- Kamicë-Flakë Location within Albania
- Coordinates: 42°13′49″N 19°22′48″E﻿ / ﻿42.23028°N 19.38000°E
- Country: Albania
- County: Shkodër
- Municipality: Malësi e Madhe
- Administrative unit: Qendër

Population
- • Total: 957
- Time zone: UTC+1 (CET)
- • Summer (DST): UTC+2 (CEST)

= Kamicë-Flakë =

Kamicë-Flakë (Kamica-Flaka, Каменица) is a settlement in the former Qendër municipality, Shkodër County, northern Albania. At the 2015 local government reform it became part of the municipality Malësi e Madhe. It has a population of 957. For administrative purposes, it was grouped under the tribal region of Kastrati in the Ottoman period. Its area consists of two previously distinct settlements Kamicë (Kamica; alternatively known in its older form, Kamenicë, Kamenica) and Flakë (Flaka).

==History==
The location Kamenica appears uninhabited in the Venetian cadastre of the city of Shkodra in 1416–7. It was a location of 300 acres (1.2 km^{2}) that is described as partly arable, partly forest, partly used as grazing ground. The rights of economic activity in this location belonged to the Tuzi tribe (fis). In the Ottoman defter of 1485 of the sanjak of Scutari the location isn't mentioned as either grazing ground or as part of a settlement.
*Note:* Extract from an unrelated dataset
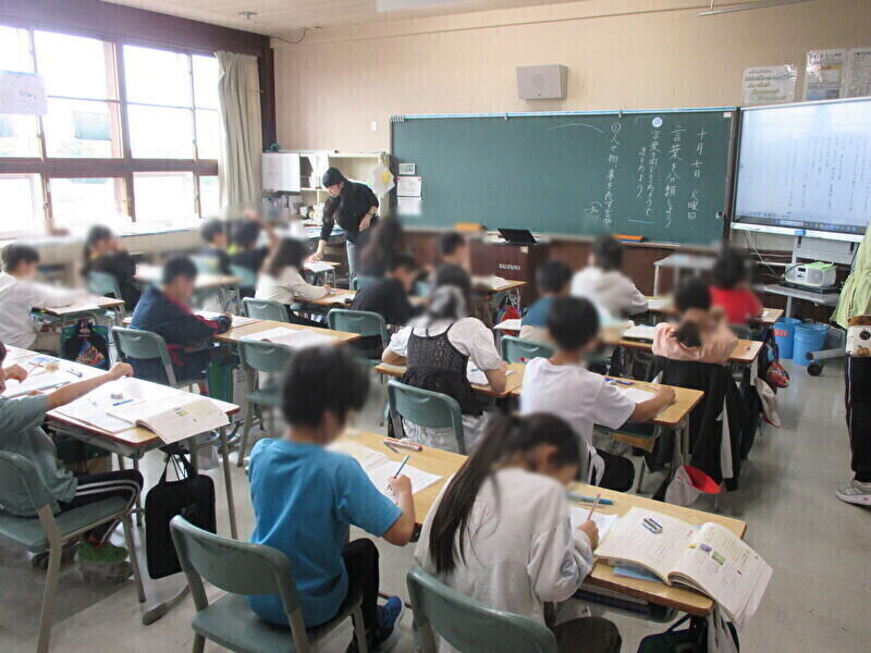 4年生は国語の学習をしていました。言葉の学習をしていました。「人や物、事を表す言葉」、「動きを表す言葉」、「様子を表す言葉」に分類するすることができ、それらの言葉のはたらきや使い方について学習しました。

In a work of Jovan Cvijić it was recorded that in Kamenicë (Каменица of the Kastrati region the majority of the population were Orthodox Serbs at the beginning of the 20th century. Today, the village is still inhabited by a Serb–Montenegrin community.

During the early 2010s linguists Klaus Steinke and Xhelal Ylli seeking to corroborate villages cited in past literature as being Slavic speaking carried out fieldwork in settlements of the area. Kamicë in the Shkodër area is one of a number of villages with a Slavophone population that speak a Montenegrin dialect. The village of Kamicë is almost deserted, with five or six minority Orthodox Montenegrin families left, alongside the few Albanian families.